Lo zero difetti spesso fa riferimento a un sistema
chiamato POKA-YOKE, il quale controlla le condizioni automaticamente
e segnala quando si presenta un problema. La chiave per un efficace
sistema resistente agli errori è nel determinare quando e dove
sorgono le condizioni che causano i problemi e poi comprendere come
prevenire queste condizioni, ogni momento.

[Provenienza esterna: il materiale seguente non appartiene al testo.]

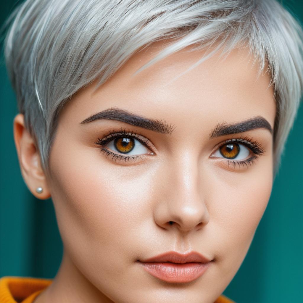 Close-up view of a naturally gorgeous man with green eyes, short wavy blonde hair, and a rugged appearance, bold autumn-colored natural makeup, in a chilly, autumn environment. Rendered in hyper-realistic, ultra-detailed style with points of light, soft translucence, and ambient occlusion. Medium shot, capturing intense energy, ultra-high resolution, with cinematic dramatic lighting, elegant perfectionism, illustration style, featuring dramatic lighting and vignette.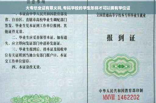 这个问题问的有意思。大专毕业证肯定很有意义的。这个大专毕业证他证明了你学了什么专业?在什么地方学习的,是全日制的还是托管的?只不过大专的文凭比本科毕业要低一个档次而已。但大专生在社会上做的也很出色的,人大把大把的在呀。怎么会认为大专毕业证没有意义呢?哪怕是一个高中毕业证也有意义呀,他要证明我的学历啊,证明我的学习程度到了哪一步啊,是我们人生当中必不可少的一部分。所以请珍惜你的大专毕业证吧。也就是你所经历的人生。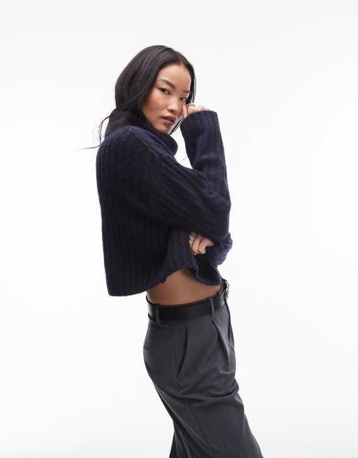 Nia Bruni roll-neck cable knit jumper in navy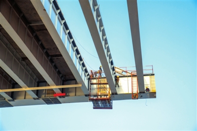 該橋南岸灘橋最后一孔50米的現(xiàn)澆箱梁已施工完畢。主跨橋梁也在不斷的實現(xiàn)合龍,目前合龍距離還剩76米。預計今年三月底實現(xiàn)合龍。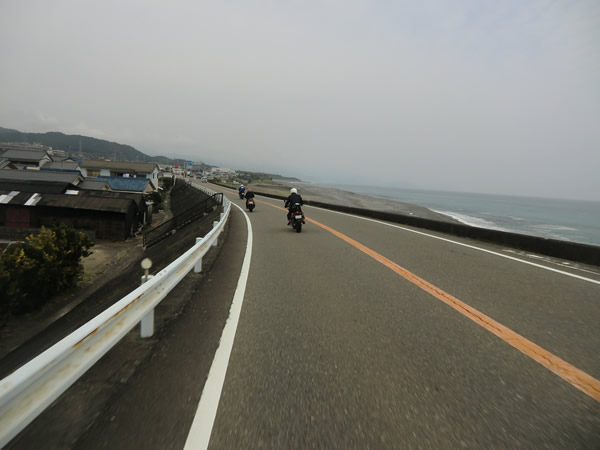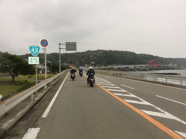 阪和道の最終、南紀田辺ICをでる。途中、南部で雨、合羽を着る。R42へ。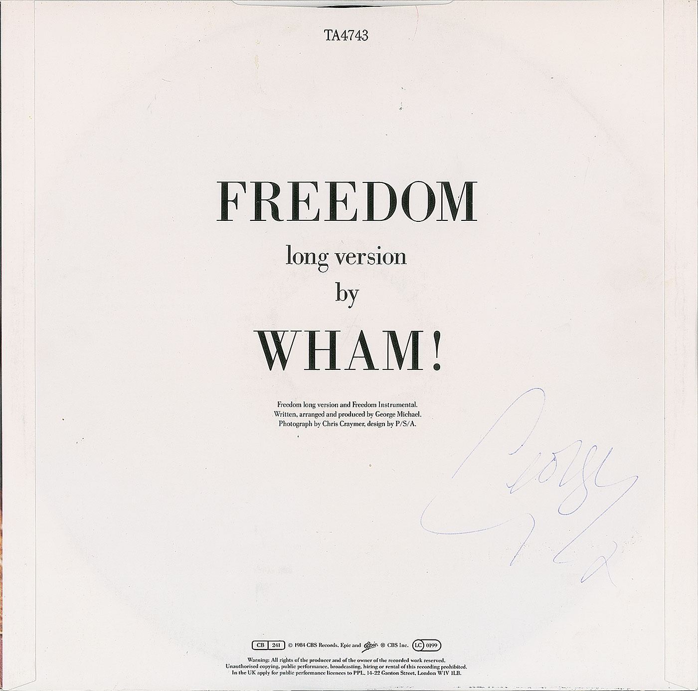 Freedom single album signed on the back cover in blue ballpoint, "George, x." In fine condition. The record is included.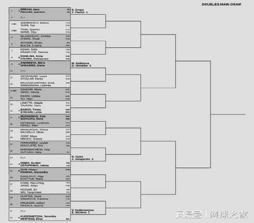 雙打簽表:安德萊斯庫(kù)/袁悅 vs 湯千慧/王曦雨、張帥/穆拉德諾維奇 vs 青山修子/布克沙、徐一璠/艾克里 vs 薩卡里/維基奇、郭涵煜/帕諾娃 vs 達(dá)尼洛維奇/科斯秋克、蔣欣玗/詹皓晴 vs 穗積繪莉/吳芳嫻。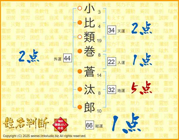 小比類巻蒼汰郎さんの総運は66画の1点!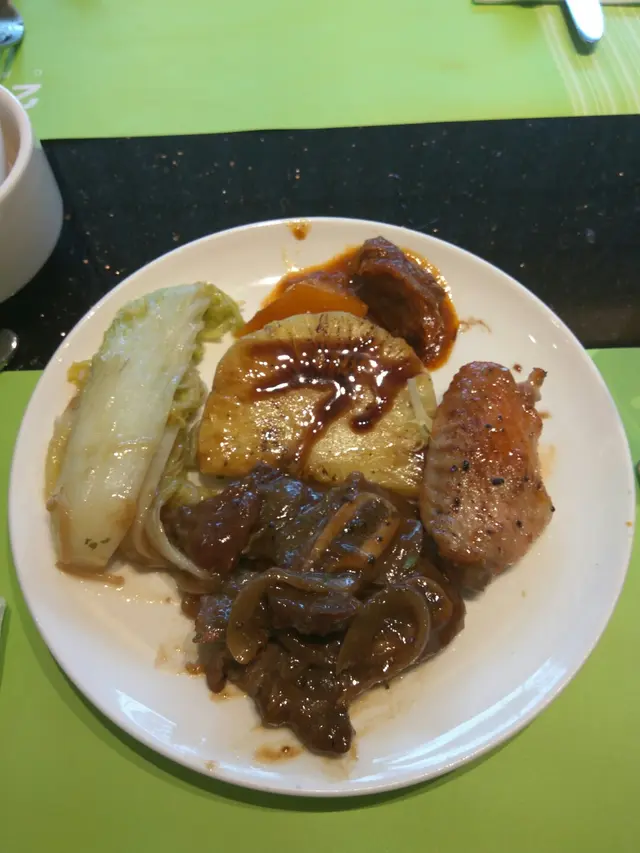 最後衝刺整月餅,唔夠料再出去買,順便食埋飯先返屋企,終於坐到卡位黑椒牛仔骨煲好好味,牛仔骨夠淋,夠黑椒味,唔會好鹹松耳銀針浸翠苗呢個夠清,但係冇諗過會有銀芽,不過加埋啲翠苗食,好爽脆,好食素鵝呢個佢唔記得落單,我哋見好耐都未黎,我哋問佢,佢同我哋check完話冇落,跟住幫我哋落番,好快就黎咗,唔記得影相,食咗兩舊先記得,入面啲料唔會好鹹,都幾多料紅燒竹苼豆腐呢個啲竹苼勁小,成碟得6舊,好彩啲豆腐都好滑我哋再要咗兩個自助吧…查看更多

P-M ANALISI PER PROBLEMI CRONICI.
Quando un problema si ripresenta, è spesso perchè la situazione
non è cosi' semplice come pensavamo che fosse originariamente. La
P-M analisi è uno strumento per scoprire e testare
sistematicamente tutti i possibili fattori che possono contribuire a
un problema cronico. La 'P' sta per ' phenomenon ' e per ' physical
' (la prospettiva con cui guardiamo un fenomeno ). La 'M' sta per
meccanismo e per le '4M' ( i fattori da esaminare: macchine, uomini,
materiali e metodi ). L'essenza della P-M analisi è nel controllo
sistematico di ogni dettaglio cosi' che non sia trascurato nessun
fenomeno, condizione sottostante o fattore casuale. I passaggi base
sono:
- Analisi fisica dei problemi cronici in accordo con i principi
del lavoro delle macchine.
- Definire le condizioni essenziali sottese ai fenomeni
inusuali.
- Identificare tutti i fattori relativi alle '4M' che
contribuiscono ai fenomeni.
Dopo avere attraversato questi passaggi, il team controlla la
presenza dei fattori, poi sperimenta gli interventi di
miglioramento. La P-M analisi è considerata uno strumento avanzato,
perchè questo livello di ispezione richiede più tempo, risorse ed
esperienza che per la ' Analisi dei 5 perchè '.